Despite typical glaciers’ massive sizes, monitoring them is not always an easy task. Only specific types of small glaciers are good measures of climate change. Some glaciers are too large to measure accurately, and others are simply too unpredictable. Once scientists find a suitable glacier, they must take satellite images of the ice for a minimum of five years and compare the results. They then have to look closely at the outside edge of the glacier (the glacier’s terminus). If a large percentage of the glacier’s edge is receding then the area around the ice is growing warmer, and if a large percentage is expanding then the area is growing cooler. When enough measurements from many different parts of the world have been gathered, the researchers can determine whether the earth is growing warmer or cooler.
Types of Glaciers
Glaciers form when snow accumulates on a patch of land over tens to hundreds of years. The snow eventually becomes so thick that it collapses under its own weight and forms dense glacial ice. When enough of the ice is compacted together it succumbs to gravity and begins to flow downhill or spread out across flat lands (Williams and Hall, 1993). There are many different types of glaciers, and not all of them are good indicators of climate change. "Glaciers that do tend to be good climate indicators are small land-based, non-surge type glaciers. They respond directly to both regional temperature and precipitation [snow]," said Dorothy Hall, a hydrospheric scientist at NASA’s Goddard Flight Space Center. She and a team of scientists from around the globe have used satellites over the past 25 years to measure changes in glaciers in Europe, Iceland and Alaska.

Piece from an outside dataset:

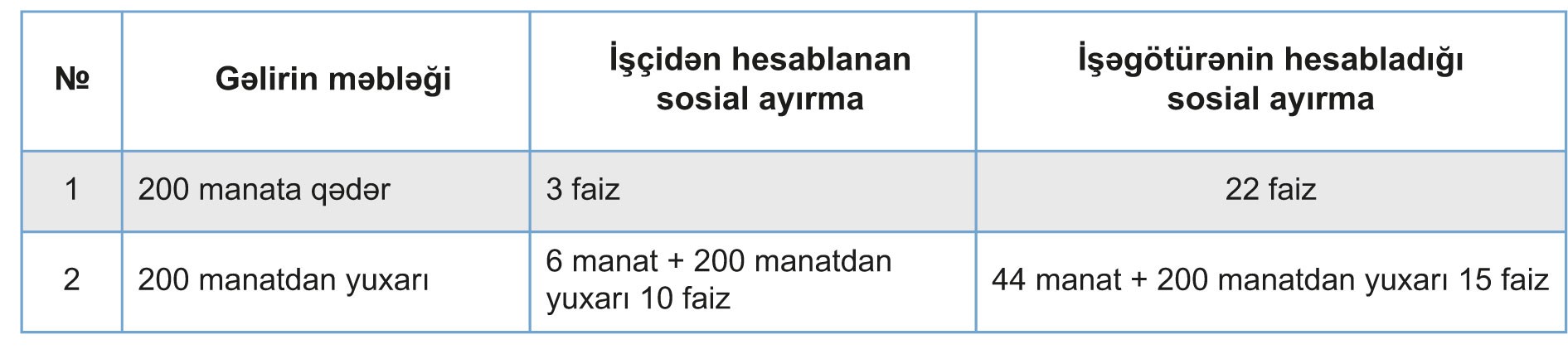 Vergi Məcəlləsinin 101.1-ci maddəsinə əsasən, 2500 manatadək olan aylıq gəlirdən 14 faiz gəlir vergisi tutulur. «Sosial sığorta haqqında» Qanunun 14-cü maddəsinə əsasən, əmək müqaviləsi (kontraktı) ilə işləyənlər üçün hesablanmış əməkhaqqının 3 faizi miqdarında məcburi dövlət sosial sığorta haqqının ödənilməsi nəzərdə tutulub. Bundan başqa, əməkhaqqının 0,5 faizi həcmində işsizlikdən sığorta ödənişi hesablanır.
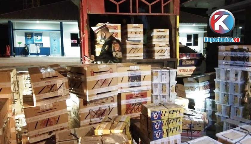 Lampung Selatan, Kupastuntas.co - Satuan Patroli Jalan Raya (Sat PJR) Ditlantas Polda Lampung berhasil mengamankan ribuan ekor burung di Jalan Tol Trans Sumatera KM 39 Gerbang Tol wilayah Sidomulyo, Lampung Selatan, Senin (21/06/2021) sekira pukul 21.30 WIB.

More than 90 percent of the 33 million cubic kilometers of glacier ice in the world is locked up in the gigantic Greenland and Antarctic ice sheets. Because they are so massive and exist in such frigid latitudes, large-scale changes are very difficult to track and verify, said Hall.
In addition to the ice sheets, there are two types of small glaciers that make for bad climate gauges. "Both surge glaciers and tidewater glaciers have their own cycles of advance and retreat. These cycles are certainly related to climate, but we are not exactly sure how," said Hall. Even if the climate changes in the region, these glaciers would most likely maintain their distinctive patterns of behavior.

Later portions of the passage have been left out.